**YOUR GOAL:**
Of the lines in the data below, write out exactly those from the one holding "EXPLICATIUNEA TEORETICA SI" through the one holding "WIRROW *キュプラコットンドレス*1ツイルAsh Blueノーカラーワンピース薄手(25-2509-542)【32J52】", both included.

**DATA LISTING:**

★ ★ ★ ★

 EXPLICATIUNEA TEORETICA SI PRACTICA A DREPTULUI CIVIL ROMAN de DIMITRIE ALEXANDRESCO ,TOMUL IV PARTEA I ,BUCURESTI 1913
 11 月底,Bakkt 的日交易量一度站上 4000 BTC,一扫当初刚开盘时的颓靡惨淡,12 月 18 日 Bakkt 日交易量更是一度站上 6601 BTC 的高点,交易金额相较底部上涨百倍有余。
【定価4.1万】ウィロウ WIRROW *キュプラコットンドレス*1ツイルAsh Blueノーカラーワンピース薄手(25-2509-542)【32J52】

★ ★ ★ ★

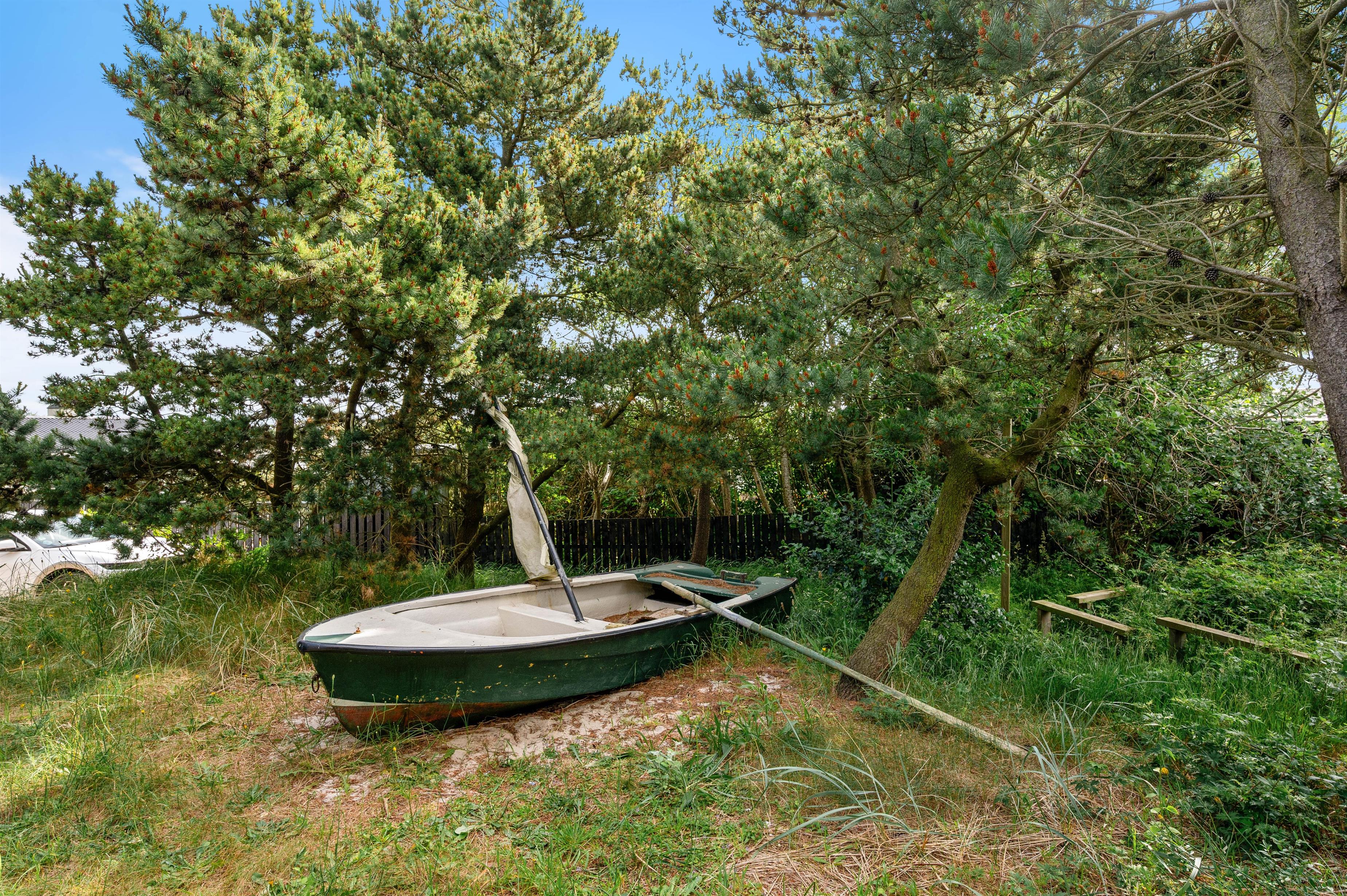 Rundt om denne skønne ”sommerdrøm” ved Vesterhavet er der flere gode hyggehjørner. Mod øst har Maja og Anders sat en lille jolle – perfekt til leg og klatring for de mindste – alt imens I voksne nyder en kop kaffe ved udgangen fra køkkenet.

★ ★ ★ ★

**RESPONSE BOX:**
 EXPLICATIUNEA TEORETICA SI PRACTICA A DREPTULUI CIVIL ROMAN de DIMITRIE ALEXANDRESCO ,TOMUL IV PARTEA I ,BUCURESTI 1913
 11 月底,Bakkt 的日交易量一度站上 4000 BTC,一扫当初刚开盘时的颓靡惨淡,12 月 18 日 Bakkt 日交易量更是一度站上 6601 BTC 的高点,交易金额相较底部上涨百倍有余。
【定価4.1万】ウィロウ WIRROW *キュプラコットンドレス*1ツイルAsh Blueノーカラーワンピース薄手(25-2509-542)【32J52】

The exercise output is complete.